As far as introductions to foreign legal systems go, I would say it is as comprehensive as they come. Throughout seven chapters, the authors maintain an objective, informative, and reader-friendly approach to a subject that is essential for legal practitioners and translators alike. If you are from the Spanish-speaking Civil Law world, by the end of the book, you will understand the main underlying principles of the Common Law system, how it differs from the Civil Law tradition, and even how the two major Common Law traditions (US and UK) differ from each other.

In Chapter One, the authors provide a fascinating historical account of the system’s origin and evolution. In Chapter Two, not only are the sources of law under the Common Law tradition explained in depth, but they are also compared to the sources of law under the Civil Law tradition, helping readers understand why Common Law judges often adjudicate so differently from their Civil Law counterparts.

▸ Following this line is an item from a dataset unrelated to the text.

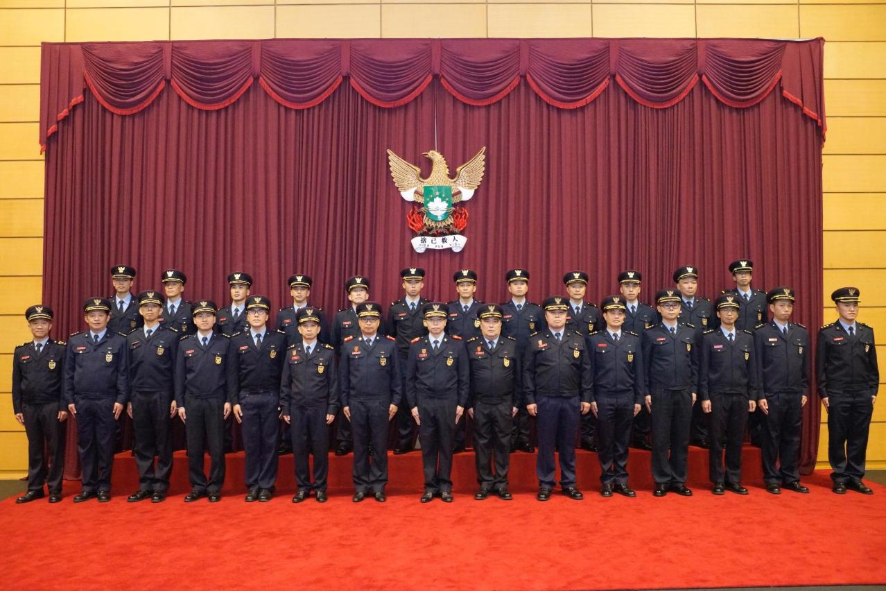 Durante a cerimónia, o Comandante do CB, Leong Iok Sam, o 2.º Comandante Chao Ka Cheong, o 2.º Comandante Substituto Au Io Weng e as chefias de várias subunidades do mesmo colocaram os novos distintivos junto do pessoal promovido, de modo a estimular-lhes a exercer as suas funções com total lealdade e empenho e continuar a prestar serviços de qualidade aos cidadãos.

Chapters 3 and 4 focus on Constitutional Law. In Chapter Three, the mystery of Britain’s unwritten constitution is brilliantly explained and revealed—a subject that is particularly perplexing to those of us from Latin American constitutional democracies. In Chapter Four, American Constitutional Law is explained in both historical as well as academic terms, revealing, perhaps inadvertently, the influence the physical distance between the Old and New Continent had over legal traditions and jurisprudence.

Chapter 5 provides a detailed, systematic, and comparative description of the political structure of the US and UK. And, lastly, Chapters 6 and 7 really get down to brass tacks and cover the law from two different points of view: how the judiciary is organized and how lawyers are trained to work in those organized systems.

What I like best about this book is the obvious amount of research that went into it. It was a pleasure to read it from beginning to end, and I learned something interesting and new in every chapter. But the authors didn’t stop there, they added a little surprise at the end: a complete English-Spanish glossary with all the key terms used throughout the entire book, which I’m sure bilingual lawyers and translators reading the book will really appreciate.

I commend my colleagues Ruth and Fernando for this high-quality publication and look forward to their next one!